James K. LIN
Many people have commented on the merits of word division. Yet few have provided a clear definition on what constitutes Chinese "word division". The "RLG Chinese Aggregation Guidelines" now being used by RLIN is to "parse strings of Chinese characters into semantic units. These aggregated units will then become terms indexed by the RLIN system". RLG has been very clever in avoiding the use of "word" in its definition I cited above. They knew the "Guideline" are not "word division" guidelines. Rather, they are "phrase division" guidelines.
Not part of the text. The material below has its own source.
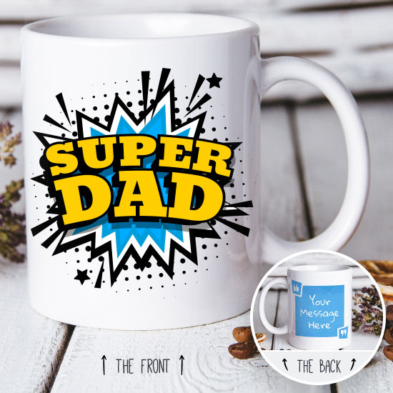 The Super Dad Personalised Mug is a really good, practical, and unique personalised gift for dad. You can add your own personal message to your daddy on the back. The mug is a high quality 11oz duram dishwasher friendly mug.

What is the definition of Chinese word division, then? There are many answers to the question. Yet there has been no one clear acceptable definition that will satisfy all. Here I'll provide one example from Paul Kratochvil's "The Chinese Language Today": "An MSC (modern standard Chinese) is the smallest unit which may function as an immediate constituent of MSC segmental sentences." He continued: "That words in MSC can be established only on the basis of actual structural features of MSC utterances, and that it is next to impossible to set up MSC words, or rather to find words in MSC by using the gauge of the set of features popularly associated with words in European languages." He further indicated that" The point is not that features of meaning have nothing to do with the status of MSC words, but that meaning is only a partial aspect of the total behavior of the smallest operational units called words, and as such it is not a property sufficient for establishing these units."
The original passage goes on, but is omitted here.